Apparently filmmakers thought that we would have a difficult time accepting George Clooney as a cuckolded husband, and so made him as dorky a dad as possible, with pants a little too high and the world's most boring Hawaiian shirts. Clooney, trying desperately to lose his signature poise and polish, clumps around like a Neanderthal, whether he's running on the beach or just trying to stay erect. It's distracting.
There are no surprises to be had in this picture, which paints the characters in black and white, rather than in shades of grey. Matt is the victim here, righteous and alone. All their friends are on his wife's side. Matt's father-in-law (an excellent Robert Forster) hates him. Adultery is bad, so the other man (Matthew Lillard) is presented as a sleazy real estate agent, who may or may not have pursued Elizabeth to cash in on an upcoming real estate deal. Plus, he's "not very articulate" according to Matt, who mocks the man to his face. And Sid (Nick Krause) is so moronic a character that he ruins every scene he's in. This isn't Bill and Ted's Excellent adventure, after all.

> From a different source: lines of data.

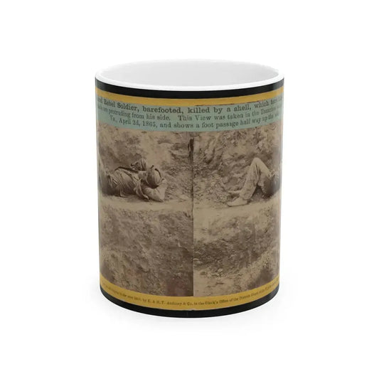 A Dead Rebel Soldier, Barefooted, Killed By A Shell, Which Tore His Side Out. The Entrails Are Portruding From His Side (U.S. Civil War) White Coffee Mug
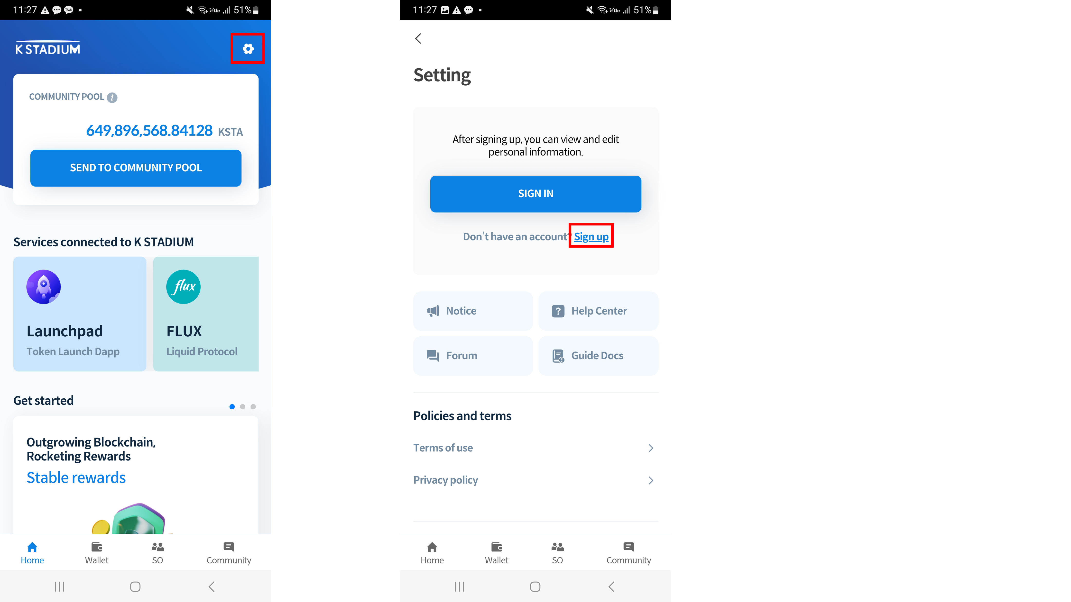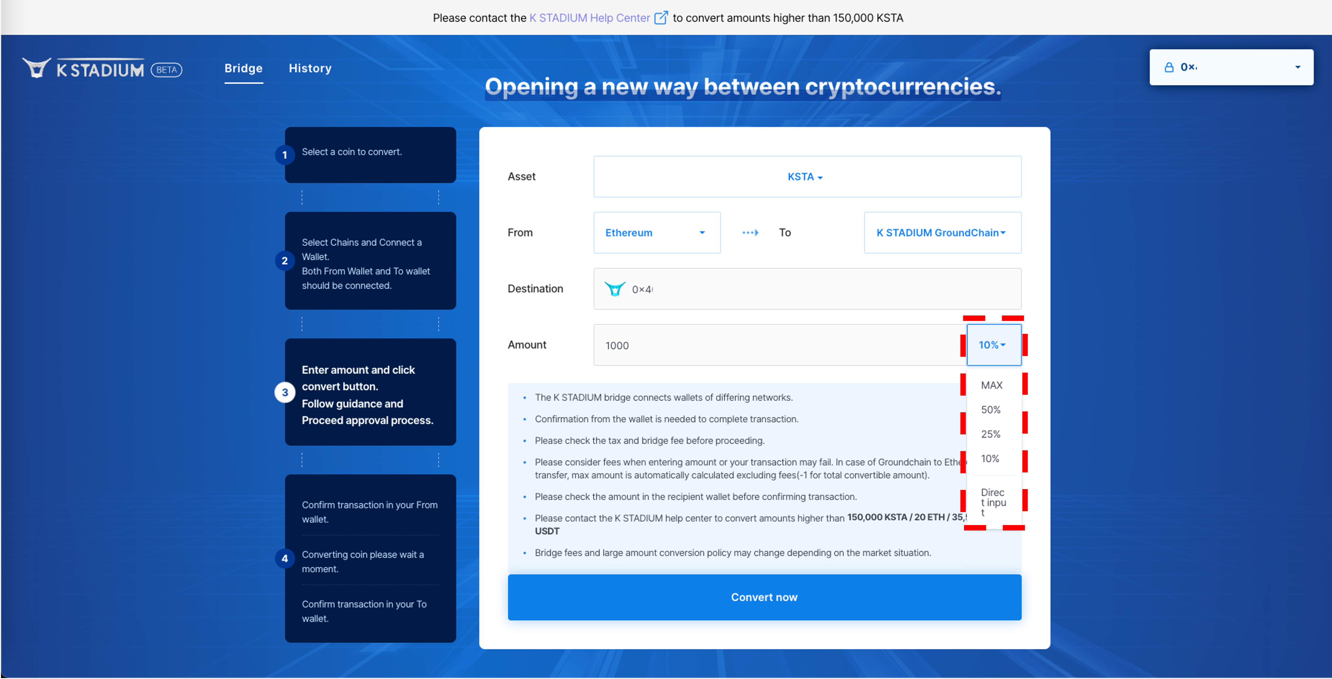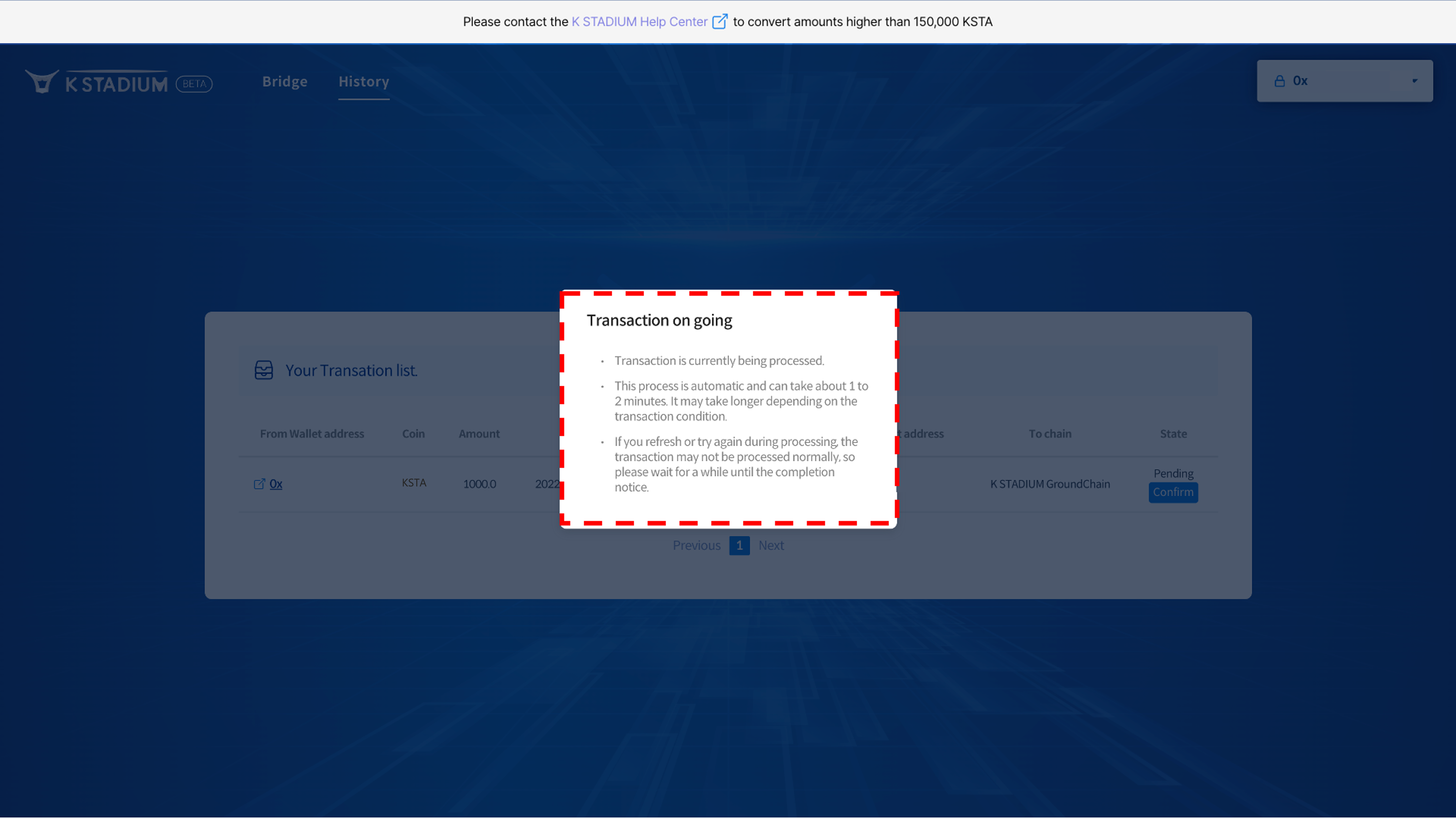 The K STADIUM wallet address will automatically be generated after downloading the app and once membership registration is complete. The K STADIUM Wallet can be used for KSTA deposits, community pool transfers as well as reward withdrawals, etc.
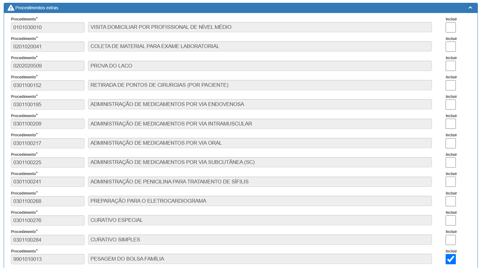 - Na escuta incial, após anotar os dados antropométricos do paciente, em "Procedimentos Extras" marcar a opção "9901010013 PESAGEM DO BOLSA FAMÍLIA";
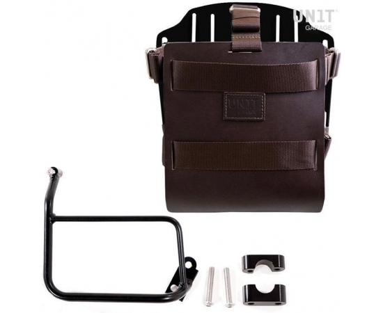 Unit Garage Carrying system in aluminum with adjustable leather front, Quick Release System and frame, Brown/Black | U085+U000+1229-Brown-Black
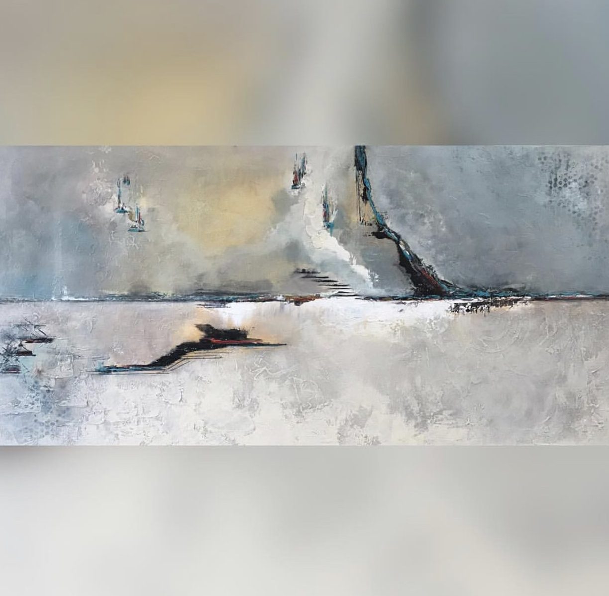 Een globale impressie van het schilderij "Flow" 120x60cm.

Matt is so entirely blameless-aided by Clooney's hangdog expressions-that two things happen: he starts to grate on our nerves because he never stands up for himself, and we kind of hate the other characters (yes, even the 10-year-old who keeps flipping her father the bird) with whom we should sympathize.
There are too many morbid shots of the dying woman, as if to wring last-minute sympathy from the audience where the script failed to do so. It means the farewell scene between Matt and his wife (which should have been a three-hanky affair) seems inauthentic.
Clooney is capable of comedy and drama, but Payne's script, adapted from a novel by Kaui Hart Hemmings, allows him to do neither well, in a flat little film where the landscape is far more interesting that the people who inhabit it.